Introduction on Electric Drills • Hammer Drill - The hammer action is used when drilling rock, concrete or masonry material with a special bit. • Battery Powered – A cordless drill that utilizes a power pack to drive the electric motor.
Statistics on Drill Injuries • Information available from the U.S. Consumer Product Safety Commission indicates more than 2,500 people were treated in hospitals for portable power drill injuries during 2005. Typical injuries were cuts and punctures to fingers and hands.
Description of Accidents • An employee was screwing racks together using a drill. The drill bit slipped while the employee was inserting a screw and hit the palm of his left hand. The employee suffered a cut on the palm of his left hand and was hospitalized. • To avoid incidents like this one, take this precaution: • Never place your hand directly behind or in the path of the drill.
Description of Accidents • An employee was electrocuted because an extension cord was missing the grounding prong. The drills grounding wire came in contact with the hot wire energizing the entire drill’s frame. The drill was not double insulated. • To avoid incidents like this one, take these precautions: • Make certain that approved GFCI’s or equipment grounding systems are used at construction sites. • Inspect electrical tools and equipment daily and remove damaged or defective equipment from use right away. http://www.cdc.gov/elcosh/docs/d0500/d000543/section8.html
OSHA Regulations • 1926 300 – Hand and Power Tools • General - All hand and power tools and similar equipment, whether furnished by the employer or the employee, shall be maintained in a safe condition. • 1926.302 (a)1 - Electric power operated tools shall either be of the double-insulated type or grounded in accordance with Subpart K. • 1926.302 (a)2 - The use of electric cords for hoisting or lowering tools shall NOT be permitted.
OSHA Regulations • 1926.95 – Personal Protective Equipment • General - Personal protective equipment for the eyes, face, head, and other extremities shall be provided and maintained in reliable condition when using electric drills.

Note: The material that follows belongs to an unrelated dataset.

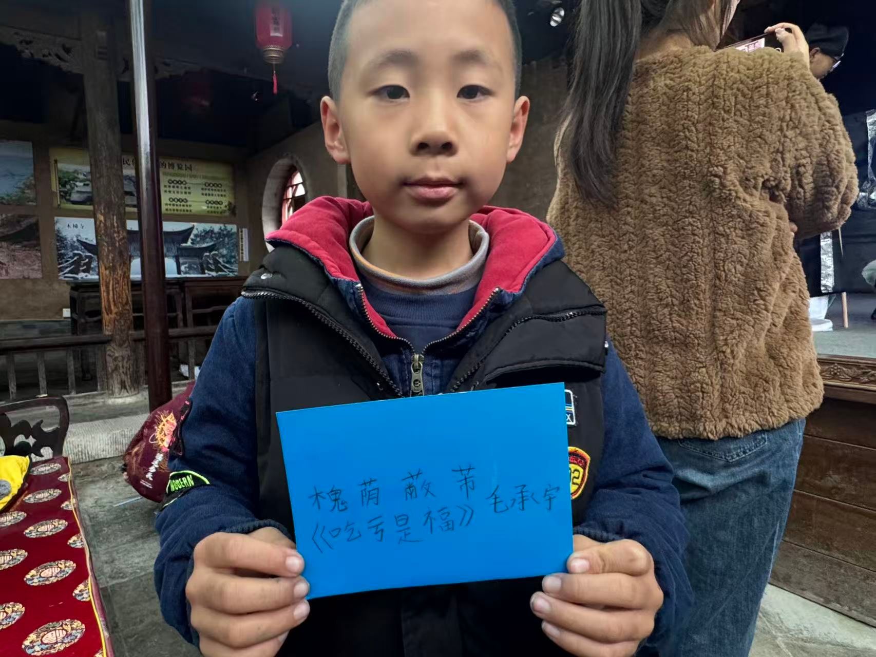 活动尾声,孩子们领取卡片与画笔,或写下“吃亏是福”“德润乡邻”等印象深刻的匾额文字,或创作专属短句,随后上台展示并分享选择初心,将文化收获沉淀为独特记忆。
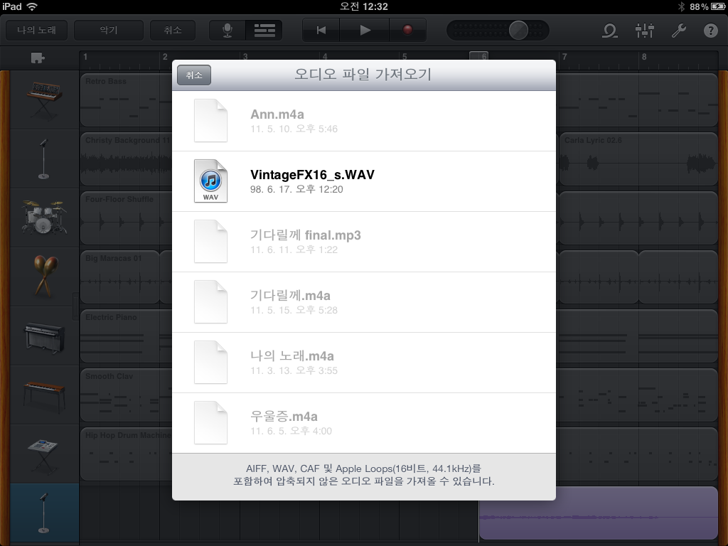 AIFF, WAV, CAF, Apple Loops 등 압축되지 않은 오디오 파일을 컴퓨터에서 가져와서 작업에 활용할수 있게되었습니다. 즉, mp3나 ogg같은 압축파일은 지원하지 않습니다. 가지고 계신 wav형태의 오디오 샘플이나 맥용 개러지밴드에서 쓰던 Apple Loops를 아이패드로 가져와서 쓸수 있습니다.

Note - PPE is only effective when used correctly.
Safety Procedures to Follow • Pre-Use Activities • Review and understand information given by manufacturer regarding safety procedures • Inspect the electric drill for damage or disrepair especially the drill chuck and power cord/battery pack. • If the drill fails your inspection, report the condition to your supervisor and take drill out of service.
Safety Procedures to Follow • Operating Precautions • Keep your hands and fingers away from the rotating drill chuck and bit. • Never stop the rotation of the drill chuck or bit with your hands or fingers. • Avoid electrical shocks by not using a portable electric drill when it is raining or in wet conditions. • Always use a sharp drill bit, don't try to force a dull bit.
Safety Procedures to Follow • Operating Precautions • Always wear safety glasses or goggles when drilling. • Never wear a tie or loose clothing or jewelry when using a power drill. • Always secure smaller material in a vise or clamp to a bench. • Never carry a portable power drill by the power cord.
Safety Procedures to Follow • Operating Precautions • Check auxiliary handles, if part of the tool. Be sure they are securely installed. Always use the auxiliary drill handle when provided. It gives you more control of the drill, especially if stalled conditions occur. Grasp the drill firmly by insulated surfaces. • Before inserting a battery or plugging in a portable power drill, turn the power switch off. • Make all portable power drill adjustments with the power switch shut off and cord unplugged or battery disconnected.